Richard Posner was one of those people. Within about a decade thereafter, he had written a massive treatise-textbook that attempted to apply (Chicago-school) economic insights to almost the entirety of the law, in part relying on Calabresi's insights on risk allocation and Coase's famous theorem about what happens in a world with no transaction costs.
That treatise-textbook is now in its fifth edition, and you're looking at the Amazon page for it. It would be hard to name a more influential work in the field of law and economics -- and even today, as Posner himself will gladly tell you, although there are a few other _textbooks_ on the topic, there are still no other _treatises_.
Posner's scope is breathtaking. Not content to limit himself to the usual array of legal topics (property, torts, contracts, criminal law, legal procedure, and so forth), he also manages to devote portions of his text to, e.g., sex and marriage, surrogate motherhood, prostitution, homosexuality, and a host of other controversial and/or marginal topics you don't typically encounter in an economics text.
The typical reader will probably not find him altogether persuasive on these topics. In fact, if you're anything like me, you'll probably wind up shaking your head in sheer wonderment: how is it possible for someone to be so brilliantly incisive on one page and so infuriatingly obtuse on the next?
But don't assume Posner is the one who's wrong. Don't misunderstand me; I think he _is_ sometimes the one who's wrong. But even then, his arguments are something to be reckoned with, not to be easily dismissed. (Nor is he _ever_ simply "obtuse.")
For the most part I think the book is a success in its more modest aim. In the fifth edition, Posner ends his opening chapter with a short reply to critics of the law and economics movement; with much of what he has to say here I can wholeheartedly agree. His work should, as he notes, be of _some_ interest to anyone who thinks Kaldor-Hicks efficiency/potential Pareto improvement plays any role whatsoever in setting policies. (I don't personally think it plays or should play much role at all, but I can agree with the point as Posner has stated it.) And Posner notes, quite unobjectionably, that the entire field should not be rejected merely because one does not accept the views of its most aggressive exponents.
But make no mistake, Posner _is_ one of its most aggressive exponents, and the apparent modesty of his aims is somewhat disingenuous: he is not merely trying to find out what economics can say about the law but to tell us that it can say quite a lot indeed. And it is here that I find him ultimately unconvincing on a number of points.
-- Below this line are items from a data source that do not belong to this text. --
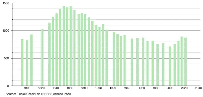 | L'évolution du nombre d'habitants est connue à travers les recensements de la population effectués dans la commune depuis 1793. Pour les communes de moins de 10 000 habitants, une enquête de recensement portant sur toute la population est réalisée tous les cinq ans, les populations légales des années intermédiaires étant quant à elles estimées par interpolation ou extrapolation[30]. Pour la commune, le premier recensement exhaustif entrant dans le cadre du nouveau dispositif a été réalisé en 2006[31]. En 2021, la commune comptait 872 habitants[Note 6], en diminution de 0,91 % par rapport à 2015 (Tarn : +1,82 %, France hors Mayotte : +1,84 %). |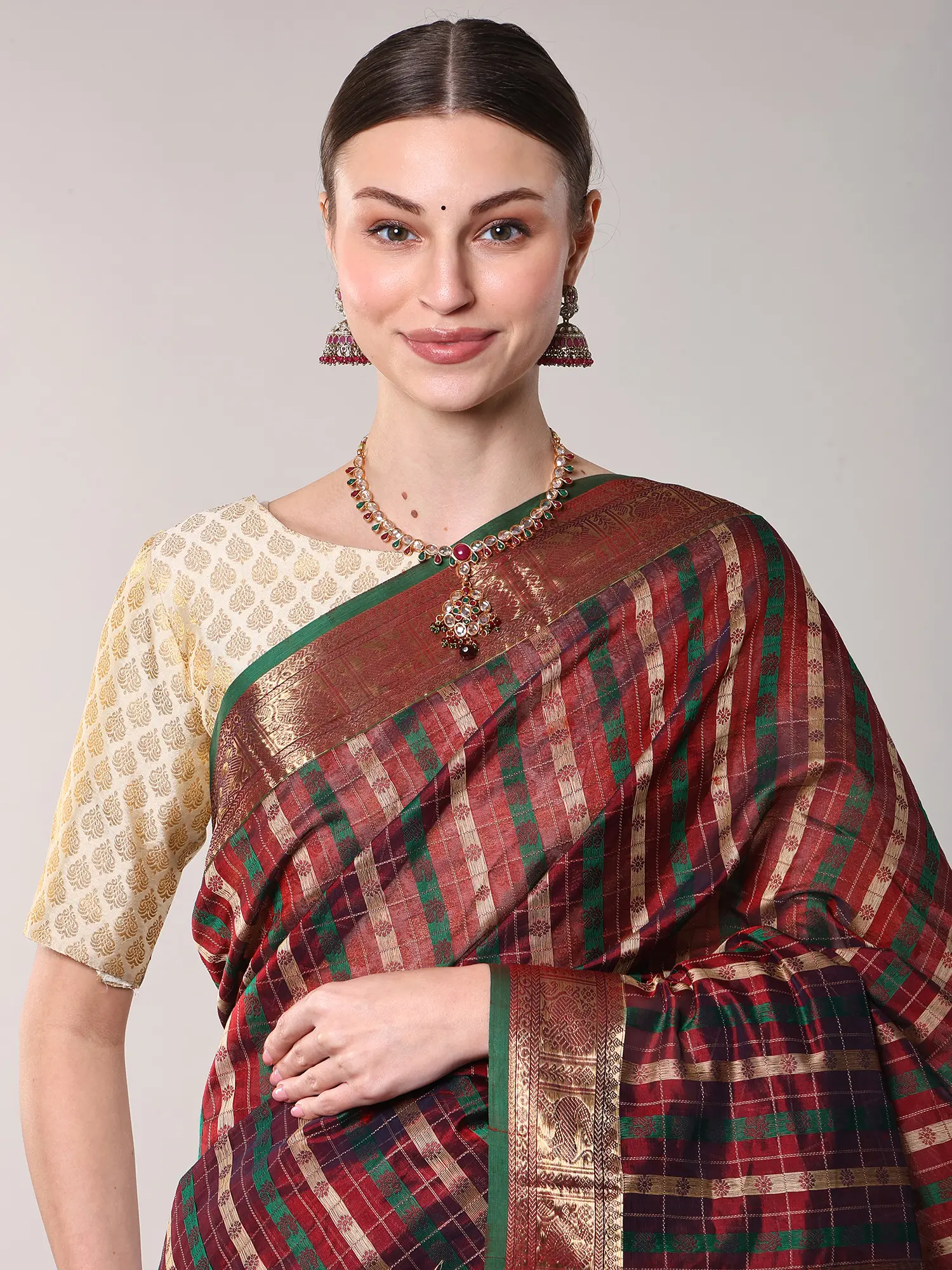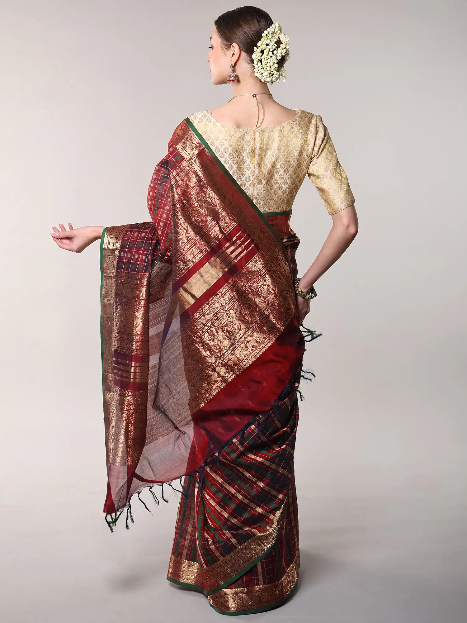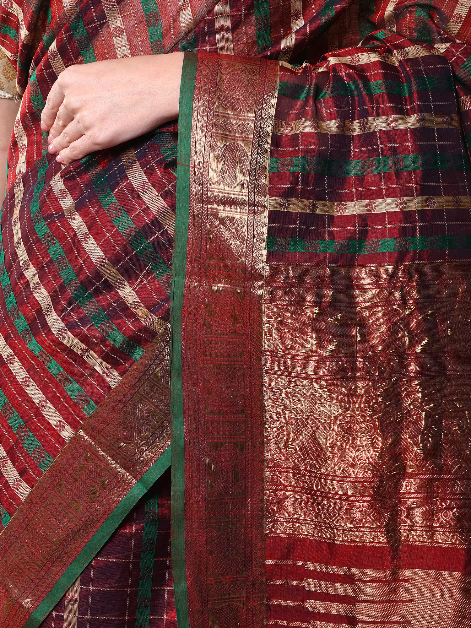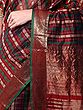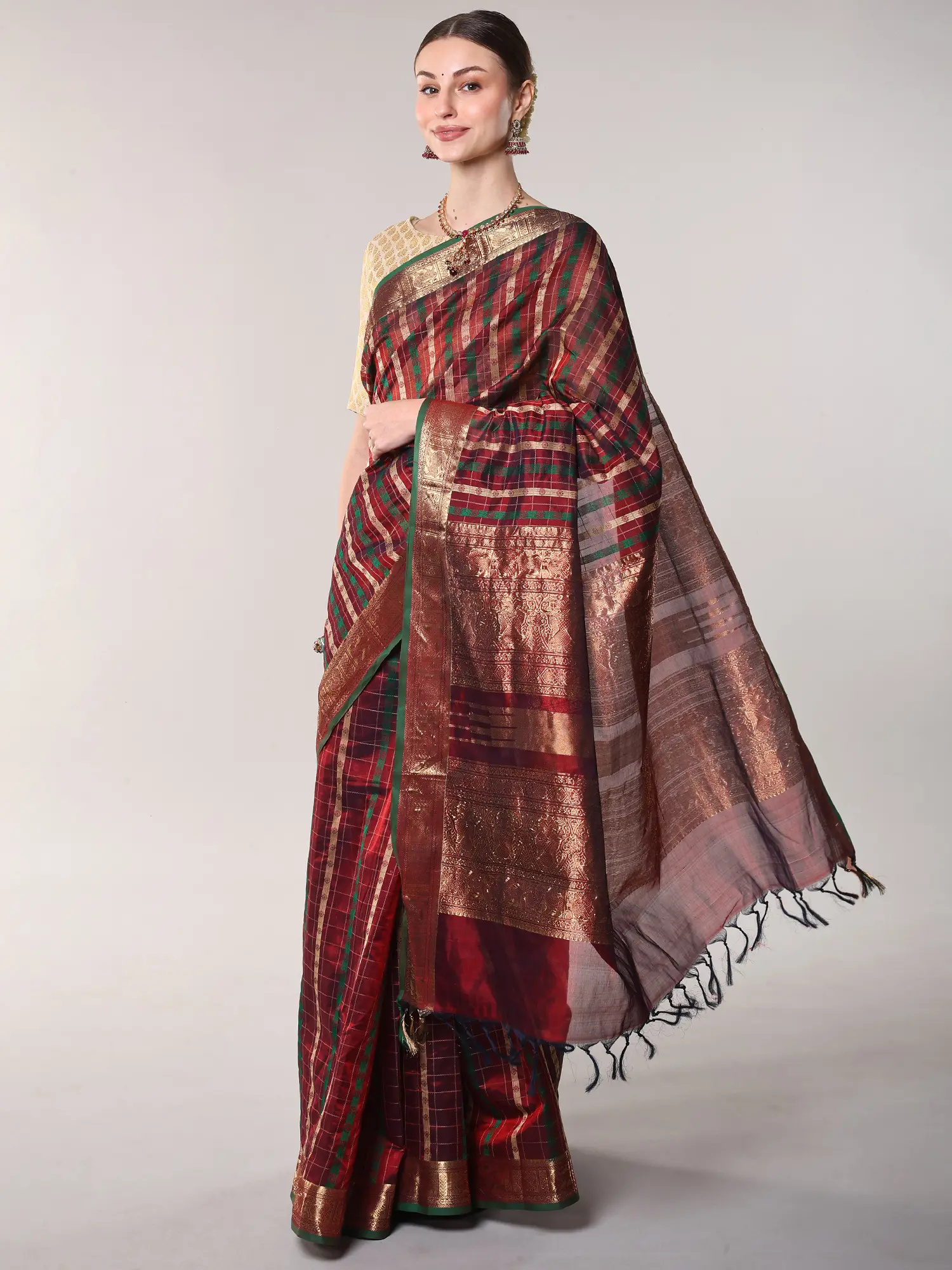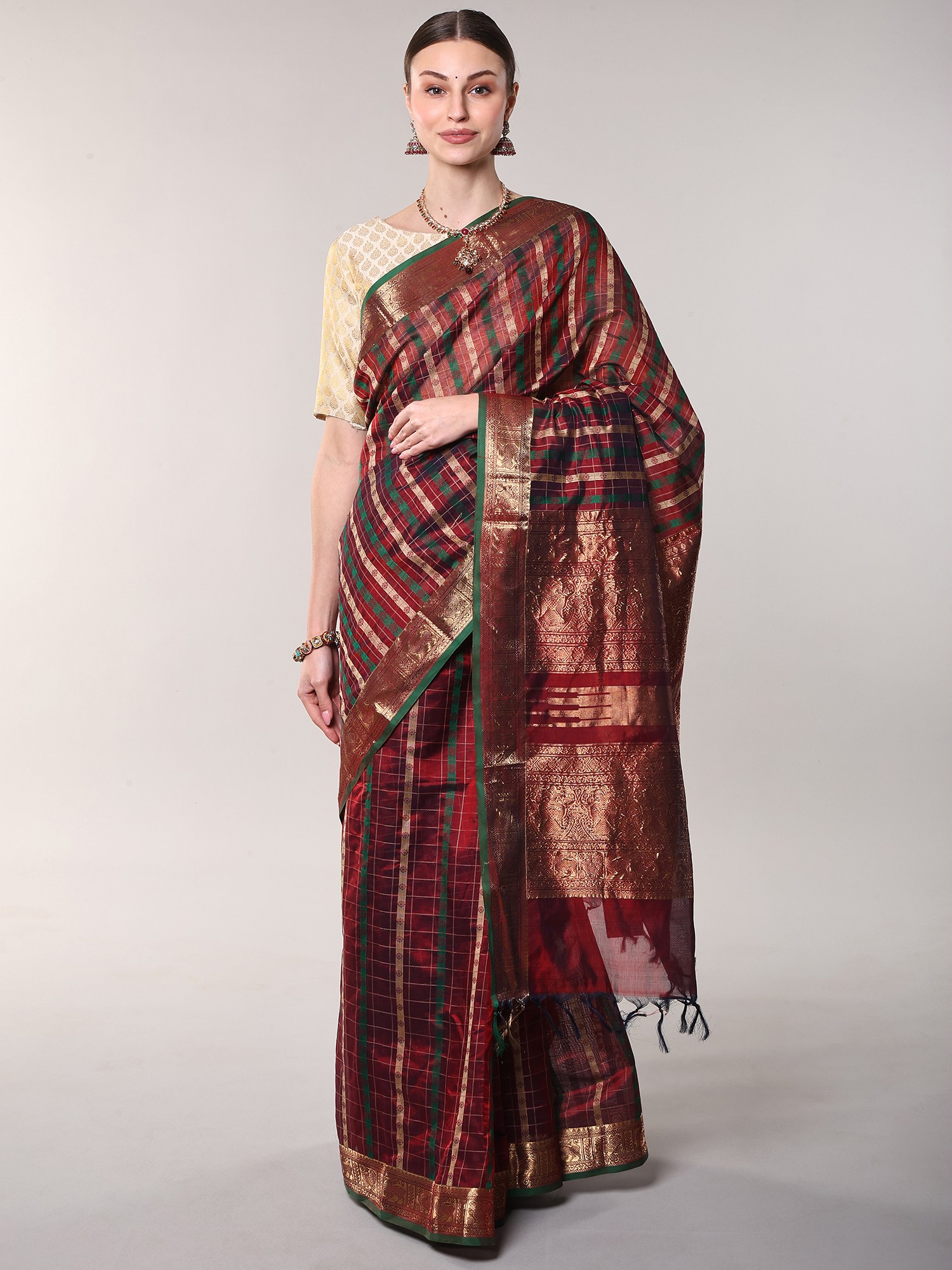 The body of this striking textile is adorned with a sophisticated plaid of deep reds and forest greens, interlaced with fine gold threads that catch the light with every movement. Its broad border is a masterpiece of traditional weaving, showcasing the auspicious motif of chakras alongside elegantly rendered peacocks in shimmering gold, creating a visual narrative of prosperity and beauty. The pallu, with its sheerer weave, offers a delicate contrast, finished with a charming fringe that adds a final touch of finesse.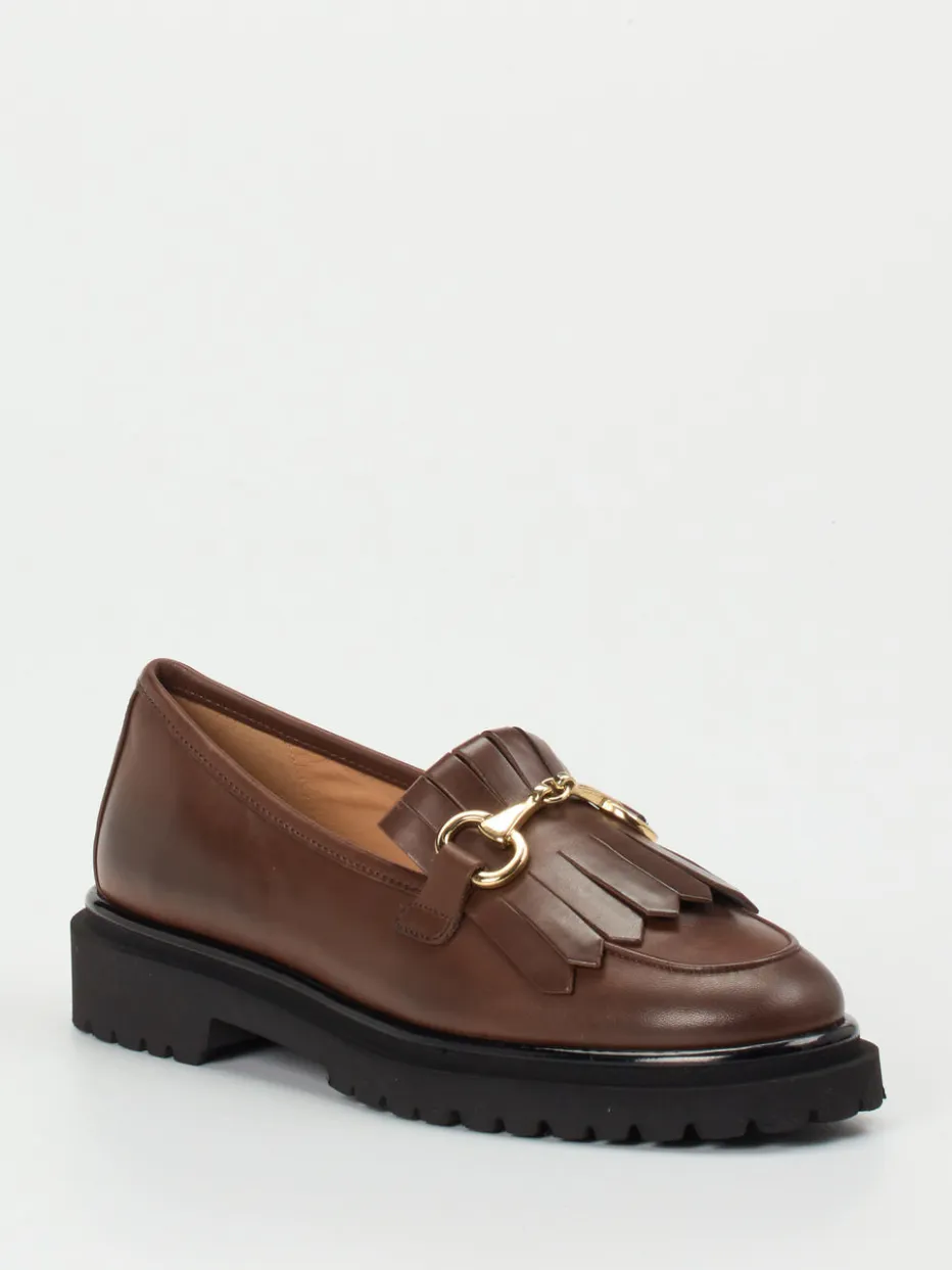 Edler Look mit modernem Profil.Andrea Puccini präsentiert mit diesem Damen-Loafer eine stilbewusste Ergänzung für Büro und Alltag. Die Kombination aus kaffeebraunem Kalbleder in glänzender Optik und klassisch flacher Silhouette trifft auf markante Details wie Fransenapplikation und goldfarbene Spange. Die geschmackvoll integrierte schwarze Leichtzellsohle mit Profil verleiht dem Modell einen modernen Twist und guten Halt. Dank Schlupfschuh-Design und cognacfarbenem Innenfutter aus Ziegenleder ist der Tragekomfort ebenso überzeugend. Passend zum aktuellen Chunky-Loafer-Trend lässt sich dieses Modell vielseitig kombinieren – ob zu Anzughose oder Midirock. Andrea Puccini vereint zeitlose Eleganz mit trendbewusster Raffinesse.

(To take one well-known example, I don't think Posner's discussion of the famous "Hand formula" captures what Judge Billings Learned Hand meant by it, and at any rate the formula is not as useful as Posner seems to think it is. There is some good discussion of the Hand formula by Richard Wright in _Philosophical Foundations of Tort Law_, and in general Posner has been roundly and in some respects successfully criticized by a wide range of scholars from Ronald Dworkin to Gary Schwartz.)
But there is no getting around this massive work, and it absolutely cannot be lightly dismissed. On the contrary, the thing bristles with fine insights and obviously massive legal and economic erudition; most of it will repay close reading even for the reader who ends up disagreeing. If you have any interest in the field of law and economics, you really ought to read this book _sometime_.